En esta suerte de recovecos nos perdemos. Llevamos
algo de comida y unas botellas de sidra. La última vez estuvimos leyendo en voz
alta relatos de Neil Gaiman. Empezó
casi como una broma. Estoy leyendo este cuento y es genial, ¿quieres que te lea
un poco? Vale, venga. Al final, yo leí “caballería”, un cuentito ligero y muy
inglés, y ella “el precio”, una historia de gatos negros y de demonios. Los dos
están contenidos en la antología “El cementerio sin lápidas y otras historias
negras” (Roca, 2010. Nota para el comprador potencial: Varios de los relatos de
esta compilación ya aparecieron en “Objetos frágiles”, 2006).

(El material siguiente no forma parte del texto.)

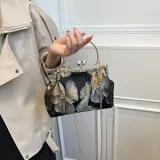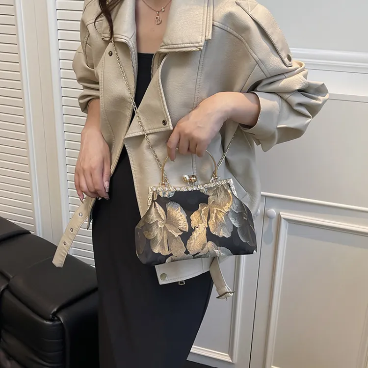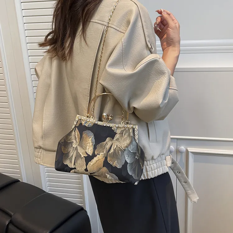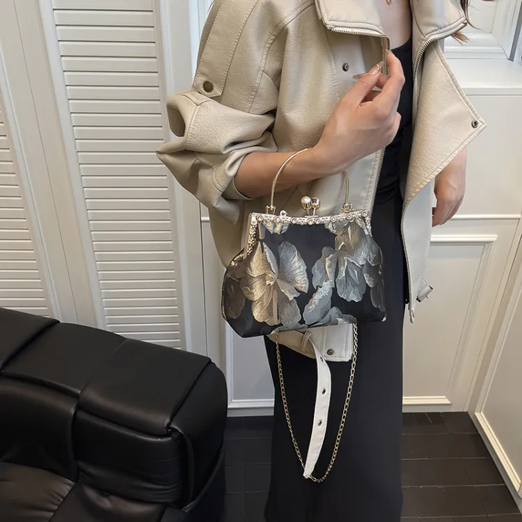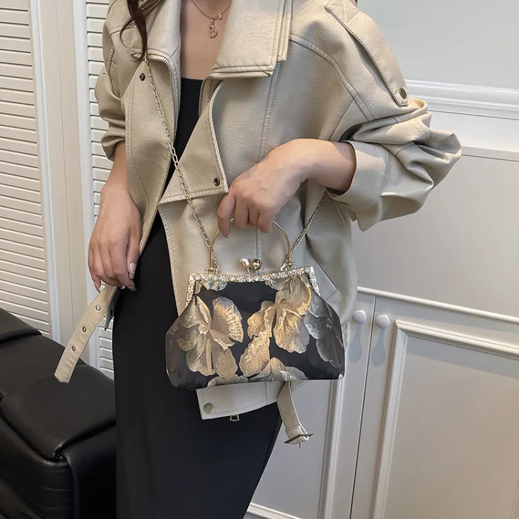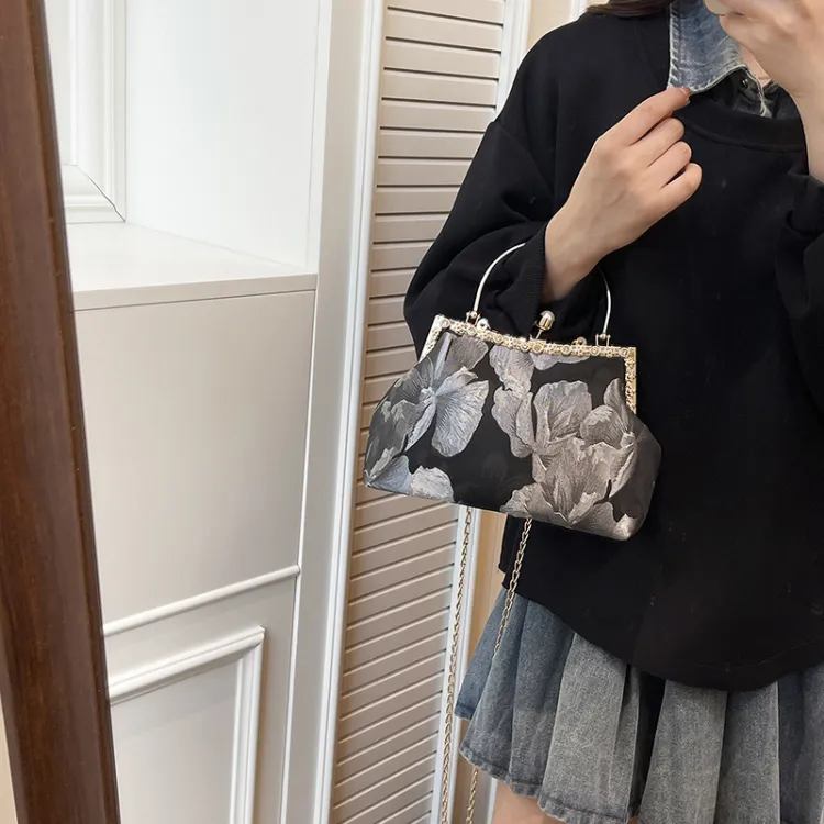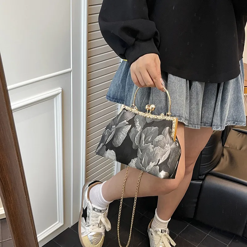 Meow in The Grass 원단 숄더백 핸드백 여성 실버/골드 - POIZON

Hoy hemos ido más preparados. Yo he escogido “En
compañía de lobos”, de Angela Carter
y también “el wendigo”, de Algernon
Blackwood. Quiero aprovechar el escenario, usar la naturaleza como un
lienzo sobre el que pintar sus palabras. De este modo, logro truncar a estos dos
geniales escritores en improvisados dramaturgos. Y es que el primero de los
relatos empieza de la siguiente forma:
“Una fiera, y sólo una, aúlla en las noches del
bosque.”
¿Qué mejor lugar que éste para declamar esta frase,
apartados del camino y rodeados por todas partes por lo salvaje? El cuento
corto, de unas cuatro mil palabras, dio origen a la magistral película de Neil
Jordan (1984). Nació para ser contado, más que leído, como la versión original
que capturaron los hermanos Grimm. Hay algo atávico en la narración a viva voz,
algo que nos devuelve a la cueva y a la hoguera. Y el relato es perfecto,
redondo, de una carga simbólica extrema, a la vez narración y ensayo sobre el
folklore y los cuentos de hadas.
Después damos vida al horripilante wendigo con el
poder de la palabra, lo hacemos deslizarse entre los grises troncos y la espesa
maleza que nos rodea. A medida que leemos va creciendo la tensión, el hechizo
se va completando. Algún soplo de viento solitario nos acompaña ululante
durante parte del camino. Es como si el bosque quisiera recibir a los urbanitas
de vuelta. Todo es un teatro, claro, y por muy oculta que se encuentre la
tramoya, éste es un bosque acotado. En sus límites artificiales los hombres han
sembrado cemento y hormigón, como mongoles arrasando con sal los campos.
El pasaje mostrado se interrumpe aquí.